Some skepticism remains, however. A vocal minority questioned whether Microsoft would eventually deprioritize Claude in favor of its own Copilot-branded models once the partnership’s novelty fades. Others noted that the availability of Claude on the same platform as the Azure OpenAI Service could lead to internal competition, possibly confusing enterprises about which model to standardize on. For now, Microsoft’s message is clear: it plans to be the cloud with the broadest AI model selection, and Claude’s GA proves it.
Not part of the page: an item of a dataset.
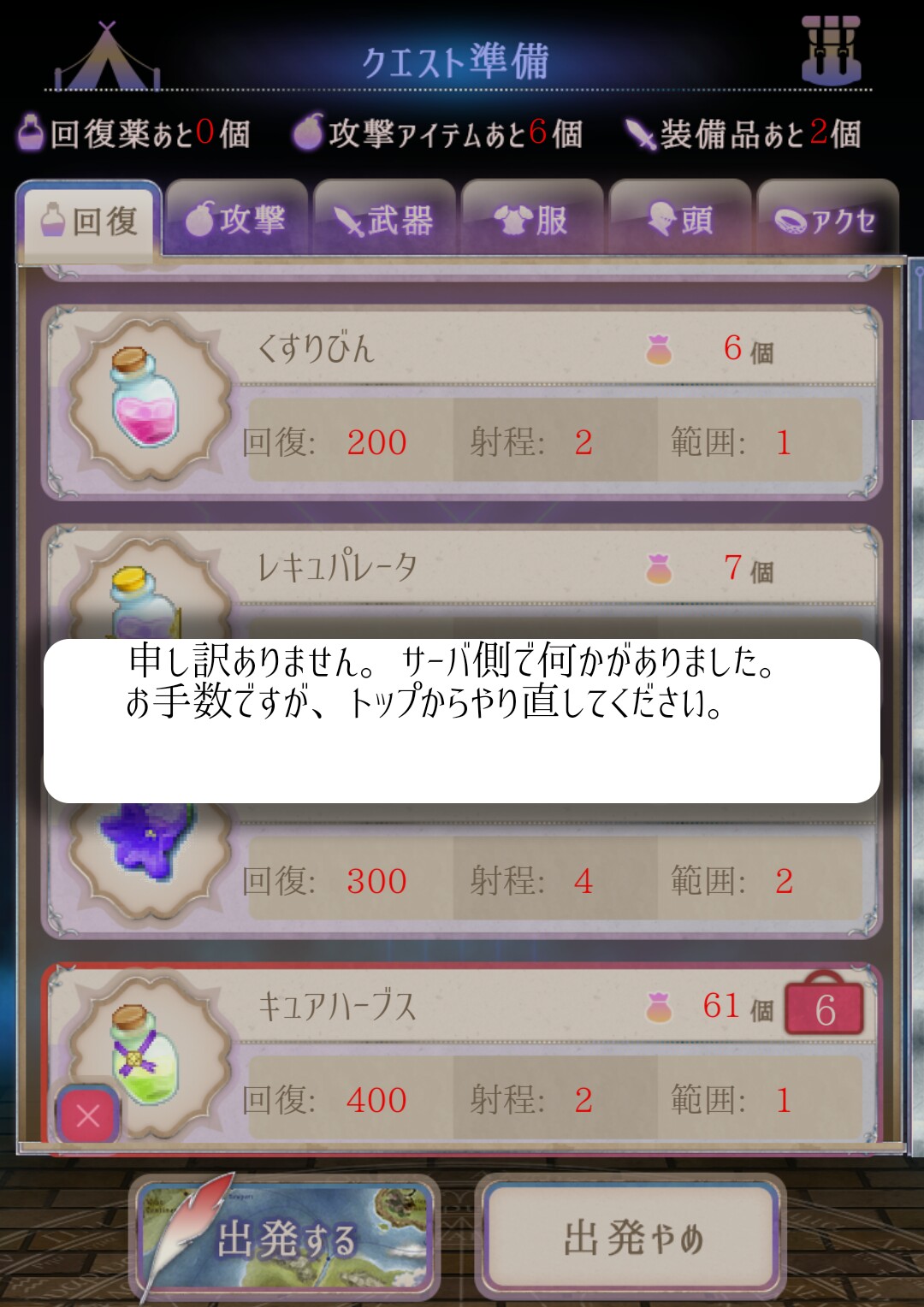 1.クエスト準備画面で選ぶ攻撃アイテムの射程と範囲の表記がおかしい。範囲は全部3で書いてある。
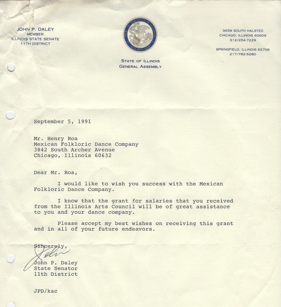 CONGRATULATORY LETTER FROM SENATOR JOHN P. DALEY

What’s Next: Fine-tuning, RAG, and Beyond

Microsoft and Anthropic have hinted at upcoming capabilities that go beyond simple inference. Fine-tuning for Claude 3.5 Sonnet is slated for private preview in Q4 2026, allowing enterprises to customize the model on proprietary data while keeping weights within Azure’s security boundary. Retrieval-augmented generation using Azure AI Search is already supported, and the integration will deepen with native vector indexing and hybrid search optimizations specifically tuned for Claude’s embedding style.

Longer-term, both companies are exploring how Claude’s upcoming memory and personalization features could be exposed through Foundry’s identity model, so that enterprise employees get a consistent, context-aware assistant across all Azure-connected applications—Teams, Office, and custom line-of-business apps. This vision of a “personal AI agent” powered by Claude, but deployed and governed centrally by the organization, aligns with Microsoft’s broader Copilot strategy while giving customers a choice of the underlying brain.

Conclusion

The general availability of Anthropic’s Claude models on Azure AI Foundry is more than a feature launch; it’s a strategic inflection point for AI cloud services. By pairing one of the most capable model families with the first public deployment of Nvidia’s GB300 Blackwell Ultra GPUs, Microsoft positions Azure as the premium platform for inference-intensive agentic workloads. The CCU billing model eliminates friction for enterprises managing multiple AI services, and the tight integration with Azure’s security and governance stack makes Claude a viable option for regulated workloads that were previously Azure-only for compliance reasons.

For Windows enthusiasts and IT pros watching the AI landscape, the message is clear: the battle for AI infrastructure is no longer about offering a single flagship model; it’s about providing the best platform to run many models, and Azure just threw down a formidable gauntlet.